WHAT THE TASK REQUIRES >> Before you return the entries below, strip out the pictures and keep all else exact.
##### LISTED RECORDS #####
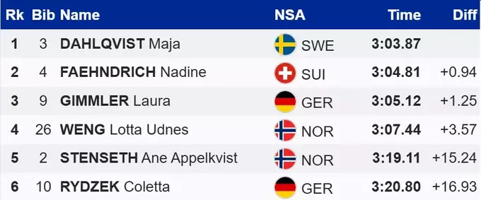 С отрывом в 0.94 секунды первую позицию заняла шведка Майя Дальквист. Второе место за представительницей Швейцарии Надин Фендрих, третье – немка Лаура Гиммлер.
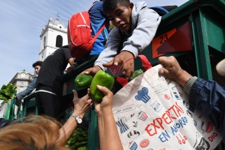 Gente que pasaba y otros que fueron especialmente, personas mayores y algunos con niños, comenzaron a recibir los bolsones de cinco kilos de verduras que entregaban los productores subidos a los tractores, y algunos se expresaban a favor del reclamo.
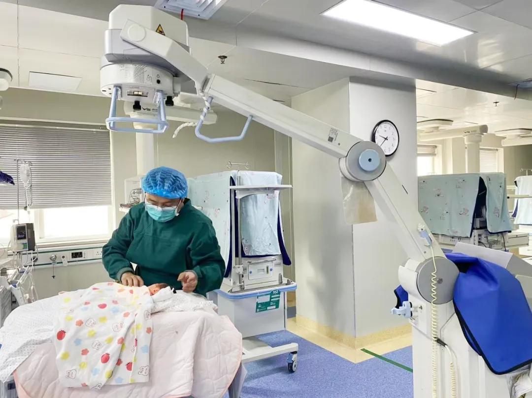 由于該新生兒早產(chǎn)近兩月(僅33周),體重不到4斤,出生后出現(xiàn)呻吟呼吸、吐沫,兒科診斷為 “肺發(fā)育不成熟”(NRDS),并給予無創(chuàng)呼吸機輔助通氣。然而,30分鐘后患兒突然出現(xiàn)面色發(fā)紫、呼吸困難、血氧驟降,考慮可能發(fā)生氣胸,新生兒團隊緊急電話聯(lián)系放射科。
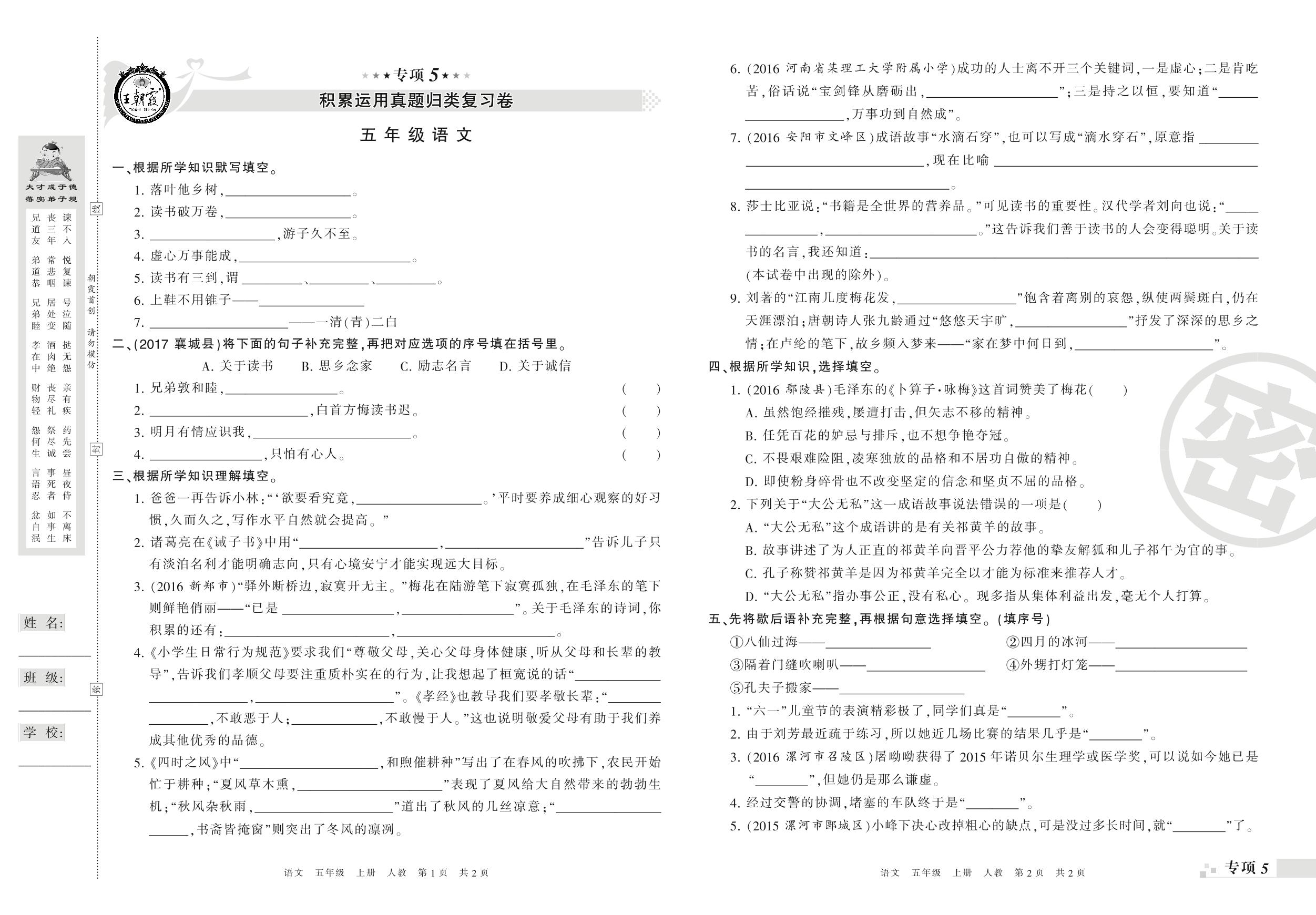王朝霞期末专项卷——积累运用、课内阅读真题归类复习五年级上册语文(人教版)_R210801223052【0】
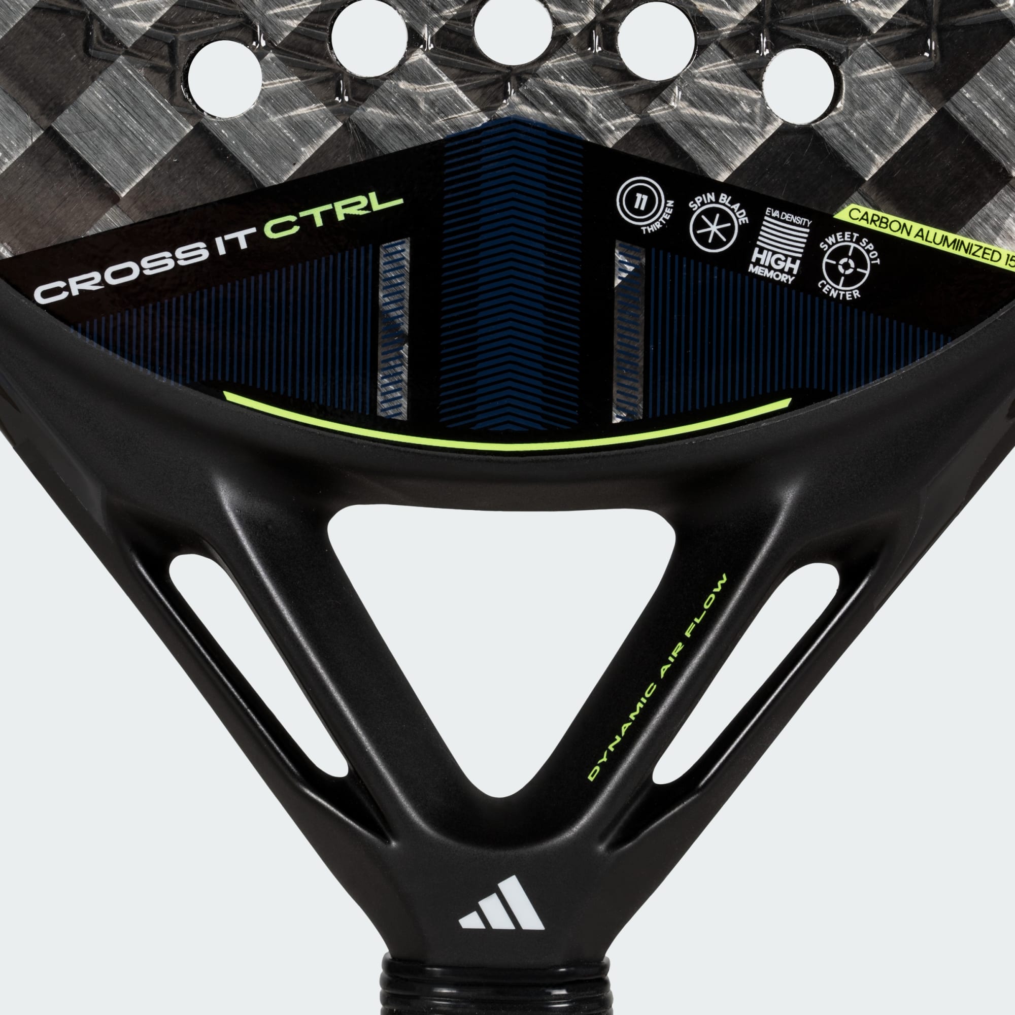 A Cross It CTRL 3.4 utiliza todas as tecnologias desta famosa gama adidas para otimizar o controlo. O aperfeiçoamento aerodinâmico do Dynamic Air Flow, a pega Power Extra Grip alargada e a disposição 11 Thirteen dos orifícios tornam esta raquete verdadeiramente única. Além disso, o Spin Blade Mould, uma textura 3D na superfície da raquete, assegura um efeito excecional.
#####
RESULT BELOW >>
 С отрывом в 0.94 секунды первую позицию заняла шведка Майя Дальквист. Второе место за представительницей Швейцарии Надин Фендрих, третье – немка Лаура Гиммлер.
 Gente que pasaba y otros que fueron especialmente, personas mayores y algunos con niños, comenzaron a recibir los bolsones de cinco kilos de verduras que entregaban los productores subidos a los tractores, y algunos se expresaban a favor del reclamo.
 由于該新生兒早產(chǎn)近兩月(僅33周),體重不到4斤,出生后出現(xiàn)呻吟呼吸、吐沫,兒科診斷為 “肺發(fā)育不成熟”(NRDS),并給予無創(chuàng)呼吸機輔助通氣。然而,30分鐘后患兒突然出現(xiàn)面色發(fā)紫、呼吸困難、血氧驟降,考慮可能發(fā)生氣胸,新生兒團隊緊急電話聯(lián)系放射科。
王朝霞期末专项卷——积累运用、课内阅读真题归类复习五年级上册语文(人教版)_R210801223052【0】
 A Cross It CTRL 3.4 utiliza todas as tecnologias desta famosa gama adidas para otimizar o controlo. O aperfeiçoamento aerodinâmico do Dynamic Air Flow, a pega Power Extra Grip alargada e a disposição 11 Thirteen dos orifícios tornam esta raquete verdadeiramente única. Além disso, o Spin Blade Mould, uma textura 3D na superfície da raquete, assegura um efeito excecional.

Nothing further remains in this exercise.